DATA.
===============
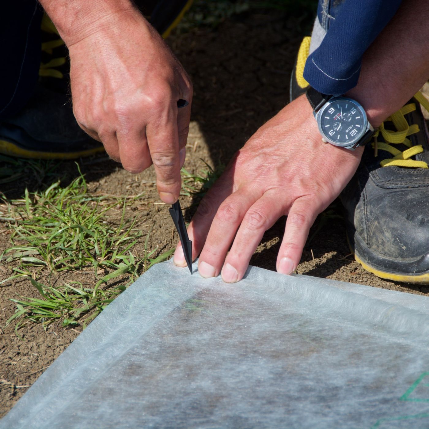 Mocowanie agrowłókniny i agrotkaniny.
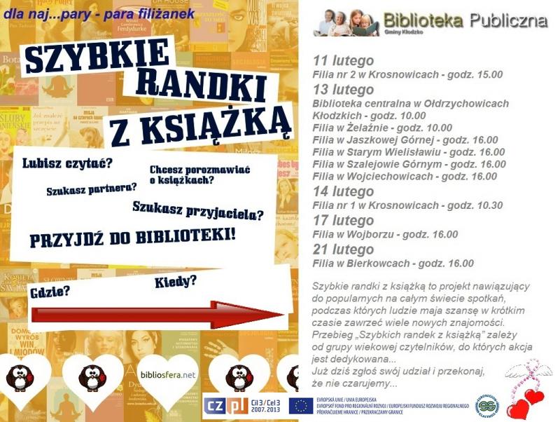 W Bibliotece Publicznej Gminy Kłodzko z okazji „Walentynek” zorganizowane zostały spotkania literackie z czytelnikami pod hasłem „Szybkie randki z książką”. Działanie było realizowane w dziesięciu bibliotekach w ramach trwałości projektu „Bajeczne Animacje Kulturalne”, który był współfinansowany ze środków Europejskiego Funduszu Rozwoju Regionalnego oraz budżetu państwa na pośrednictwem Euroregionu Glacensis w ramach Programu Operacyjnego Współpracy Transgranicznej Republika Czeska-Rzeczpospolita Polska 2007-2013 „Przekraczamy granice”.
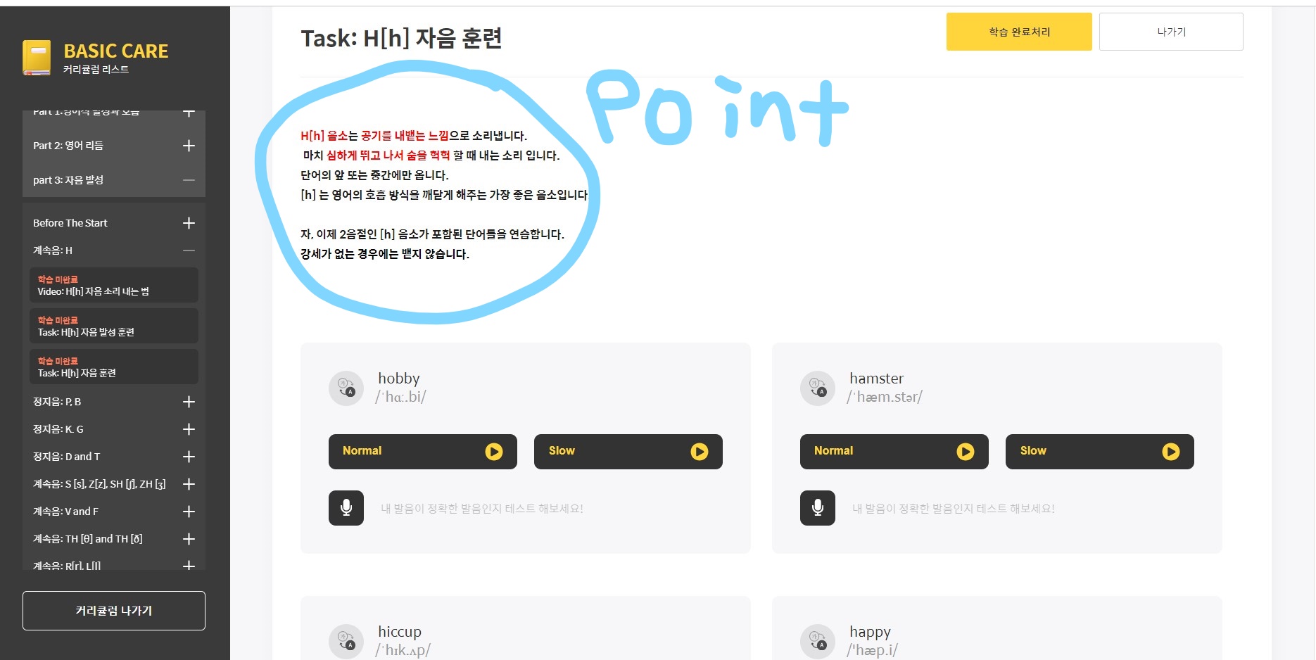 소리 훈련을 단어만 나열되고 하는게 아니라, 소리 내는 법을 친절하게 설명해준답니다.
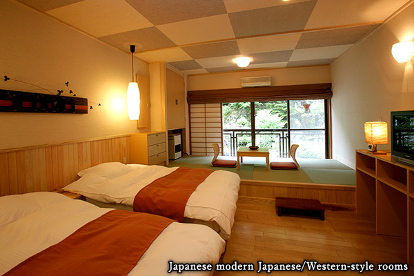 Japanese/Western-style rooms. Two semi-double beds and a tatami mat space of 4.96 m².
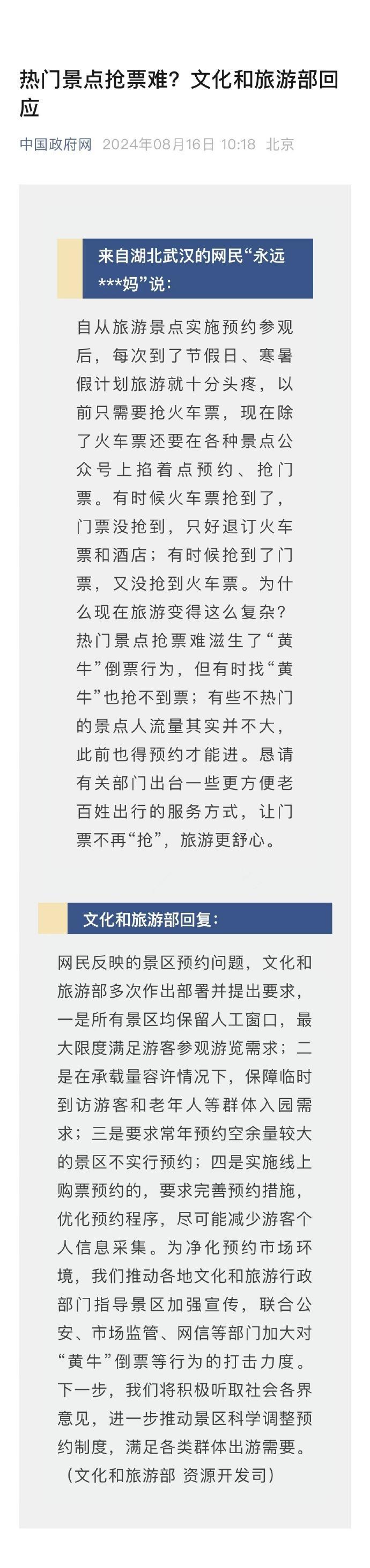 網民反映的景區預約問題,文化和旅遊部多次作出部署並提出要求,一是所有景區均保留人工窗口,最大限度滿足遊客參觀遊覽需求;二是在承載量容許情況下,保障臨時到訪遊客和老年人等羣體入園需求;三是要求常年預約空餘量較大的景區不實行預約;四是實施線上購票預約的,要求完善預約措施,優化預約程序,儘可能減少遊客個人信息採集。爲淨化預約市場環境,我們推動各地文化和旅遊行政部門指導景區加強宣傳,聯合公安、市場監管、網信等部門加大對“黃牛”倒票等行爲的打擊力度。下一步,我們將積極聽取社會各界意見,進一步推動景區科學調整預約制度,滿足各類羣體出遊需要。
===============
The pictures stay out; repeat exactly the lines from the one with "소리 훈련을 단어만 나열되고" to the end of the entries above, and nothing else.

 소리 훈련을 단어만 나열되고 하는게 아니라, 소리 내는 법을 친절하게 설명해준답니다.
 Japanese/Western-style rooms. Two semi-double beds and a tatami mat space of 4.96 m².
 網民反映的景區預約問題,文化和旅遊部多次作出部署並提出要求,一是所有景區均保留人工窗口,最大限度滿足遊客參觀遊覽需求;二是在承載量容許情況下,保障臨時到訪遊客和老年人等羣體入園需求;三是要求常年預約空餘量較大的景區不實行預約;四是實施線上購票預約的,要求完善預約措施,優化預約程序,儘可能減少遊客個人信息採集。爲淨化預約市場環境,我們推動各地文化和旅遊行政部門指導景區加強宣傳,聯合公安、市場監管、網信等部門加大對“黃牛”倒票等行爲的打擊力度。下一步,我們將積極聽取社會各界意見,進一步推動景區科學調整預約制度,滿足各類羣體出遊需要。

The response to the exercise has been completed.